I Lost Everything,
I Have Found Myself.
Once upon a time, I felt like this. It was July 2001. I spent the night of July 4th in ultimate turmoil as I faced the end of my marriage. The next morning I packed a few things, got into my car, and left my house for the last time. I ended up spending the next three weeks living with a friend and then I moved in with my parents for the remainder of the summer. I think it was sometime around July 10th or so when I really hit my low point of feeling alone, homeless and purposeless. I had no idea what was going to happen to me or where I would end up.
Somehow life has a way of working out. It is now twelve years and a month since that time. I often feel as though I have lived a lifetime and more in these past twelve years. And believe me – not all of it has been easy. There have been such highs and such lows. I guess that is the ebb and flow of life.

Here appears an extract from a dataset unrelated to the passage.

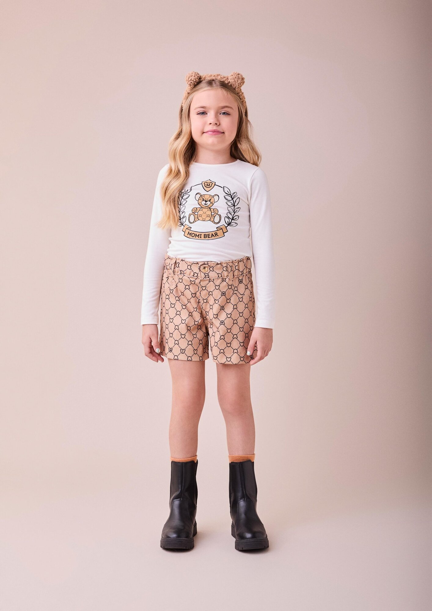 Este fofo e leve! A blusa de manga longa com estampa de urso e o short bege geométrico são a escolha ideal para momentos descontraídos. Ref.: H6513
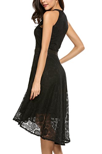 Style:Slimming bodice,fitted patchwork waist falls to a flirty asymmetric skirts with fully lining;Hollow-out floral lace accents the characteristic of this dress,super fashion and elegant.

Just a short while ago I was reflecting on how it has been 19 years since I graduated from Northeastern University. What a long haul that was. I did various forms of night school and college for twelve years, commencing in 1982 and winding up in June 2004 when I received my second degree. During that time, I never thought I would see the end. The years seemed to go on and on. Oh, there were many times when I enjoyed it – just for the love of learning itself. And there were many nights when I’d be fighting the Sandman in class too, trying to stay awake while the teacher’s voice droned on and on. . . I still hold the acquisition of my degrees as one of my finest hours. I’ve always known that I had problems maintaining my focus – I always had the thought that if I’d have had greater focus, I could have achieved great things. But at least for those twelve years I did maintain my focus to the highest degree possible and ultimately I reaped the benefits of my effort, as I am still doing today.
Yes, I’d have to say I have lost everything a couple of times in my life now. And then I had a choice to make. Do I stay down, or do I get back up again? Ultimately I would chose to get back up and thus far it has always been to my benefit. In my failures, I have learned and I have grown. I guess that is life.